Environmental needs are invigorating research interest in many engineering fields. A compelling example is provided by carbon-dioxide emissions, widely considered one of the main causes of global warming. This urgency extends to numerous applications including aeronautics, where it is recognized that the optimization of aerodynamic flows may have a deep impact on the reduction of pollutant emissions, mitigation of acoustic noise or control of highly complex conditions such as separation. In principle, flow control strategies allow to optimize the flow in real time, leveraging sensor measurements and physical models; in practice, in realistic cases, this technique is used only in limited numerical and experimental cases.

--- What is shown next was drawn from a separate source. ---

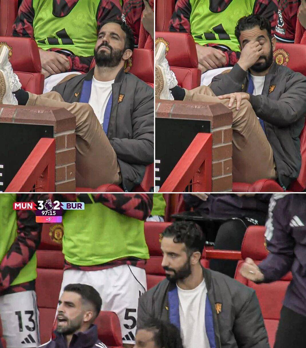 所幸布鲁诺·费尔南德斯在补时阶段罚入点球,帮助曼联3-2险胜伯恩利,暂时缓解了危机。

In this proposal, we aim at verifying to what extent Reinforcement Learning (RL) is a viable, alternative strategy for the control of fluids in realistic conditions. RL algorithms use past data to enhance the future manipulation of a dynamical system by discovering optimal control policy, determined from the exploration of the state-action space. This step replaces physical models; thus these algorithms are fully data-driven and solely rely on the measurements of the system and the way it reacts to prescribed actions. This allows to circumvent some drawbacks of model-based control, as approximate reduced-order models of the physical system can critically lose accuracy when control is applied, resulting in poor performance and lack of robustness.

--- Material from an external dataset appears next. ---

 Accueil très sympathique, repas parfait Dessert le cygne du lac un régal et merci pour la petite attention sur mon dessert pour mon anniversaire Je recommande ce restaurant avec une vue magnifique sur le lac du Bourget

The main goal of the project is to provide major breakthroughs in flow control by bridging it with Reinforcement Learning in order to tackle the challenges which have limited the success of standard control tools in nonlinear and complex flows. In that sense, we aim at developing robust strategies by integrating in this framework efficient techniques of learning/estimation, physics constraints and tools from control theory. We will test our strategies in models of fluid-mechanics interest of increasing complexity. The system governed by the Kuramoto-Sivashinsky and the linearized boundary layer in 2D will serve as simplified benchmarks for comparing the optimal control solutions and RL. Final demonstrators will include numerical simulations of transitional shear flows at moderate Reynolds number, and the control of the bistable dynamics of an experimental 3D bluff body wake-flows.